++++ RECORDS SHOWN

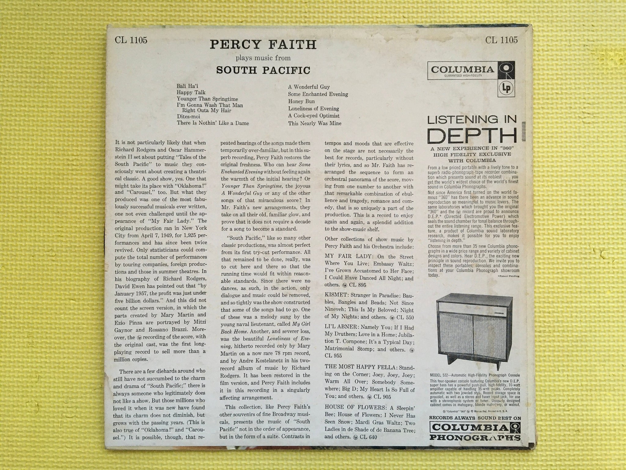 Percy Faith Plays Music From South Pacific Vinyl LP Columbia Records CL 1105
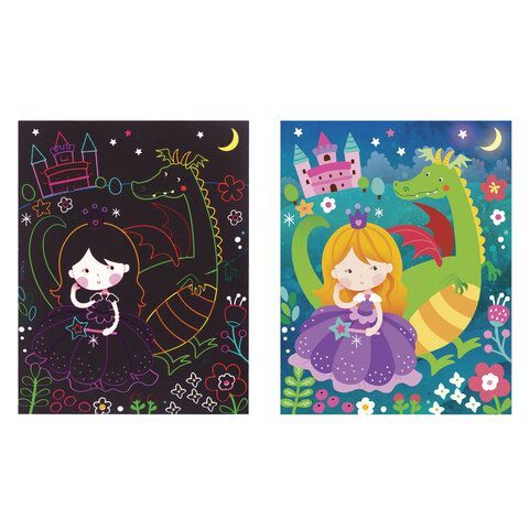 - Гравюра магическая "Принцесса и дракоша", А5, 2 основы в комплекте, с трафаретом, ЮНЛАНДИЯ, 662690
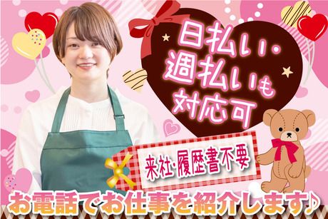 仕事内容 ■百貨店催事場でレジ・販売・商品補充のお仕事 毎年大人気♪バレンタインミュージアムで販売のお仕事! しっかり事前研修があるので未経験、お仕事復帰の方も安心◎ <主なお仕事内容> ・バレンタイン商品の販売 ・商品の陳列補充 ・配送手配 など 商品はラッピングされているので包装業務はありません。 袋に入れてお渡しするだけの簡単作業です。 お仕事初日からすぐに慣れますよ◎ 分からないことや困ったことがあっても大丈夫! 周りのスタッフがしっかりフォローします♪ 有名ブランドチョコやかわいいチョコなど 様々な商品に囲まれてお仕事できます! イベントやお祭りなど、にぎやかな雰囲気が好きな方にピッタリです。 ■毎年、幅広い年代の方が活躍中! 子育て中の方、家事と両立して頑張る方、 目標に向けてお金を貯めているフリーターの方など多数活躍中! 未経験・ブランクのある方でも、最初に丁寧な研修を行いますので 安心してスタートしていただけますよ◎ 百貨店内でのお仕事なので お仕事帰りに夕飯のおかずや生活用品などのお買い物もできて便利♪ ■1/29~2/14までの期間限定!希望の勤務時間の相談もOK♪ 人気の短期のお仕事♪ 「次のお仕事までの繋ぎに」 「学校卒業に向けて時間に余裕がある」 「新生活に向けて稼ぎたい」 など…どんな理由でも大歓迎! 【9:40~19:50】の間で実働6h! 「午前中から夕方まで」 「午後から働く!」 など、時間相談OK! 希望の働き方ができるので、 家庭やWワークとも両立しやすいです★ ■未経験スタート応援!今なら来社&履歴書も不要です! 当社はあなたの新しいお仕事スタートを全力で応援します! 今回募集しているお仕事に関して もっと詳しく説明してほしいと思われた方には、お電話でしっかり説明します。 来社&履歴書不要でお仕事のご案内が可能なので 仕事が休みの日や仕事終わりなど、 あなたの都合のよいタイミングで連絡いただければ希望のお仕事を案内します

++++++++
++++ RECORDS SHOWN

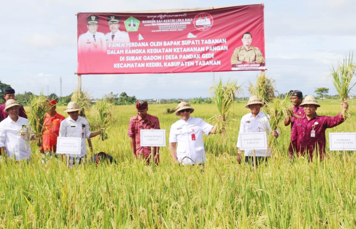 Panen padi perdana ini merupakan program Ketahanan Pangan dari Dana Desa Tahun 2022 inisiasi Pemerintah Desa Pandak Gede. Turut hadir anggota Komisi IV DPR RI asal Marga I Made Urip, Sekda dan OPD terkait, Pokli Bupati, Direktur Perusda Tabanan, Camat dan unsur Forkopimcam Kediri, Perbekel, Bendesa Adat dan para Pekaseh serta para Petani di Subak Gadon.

++++++++

**TASK GOAL**
Look through the material above. Transcribe exactly the lines between the ones with "Percy Faith Plays" and "- Гравюра магическая", inclusive, and keep pictures out.

**SOLVED PROBLEM**
 Percy Faith Plays Music From South Pacific Vinyl LP Columbia Records CL 1105
 - Гравюра магическая "Принцесса и дракоша", А5, 2 основы в комплекте, с трафаретом, ЮНЛАНДИЯ, 662690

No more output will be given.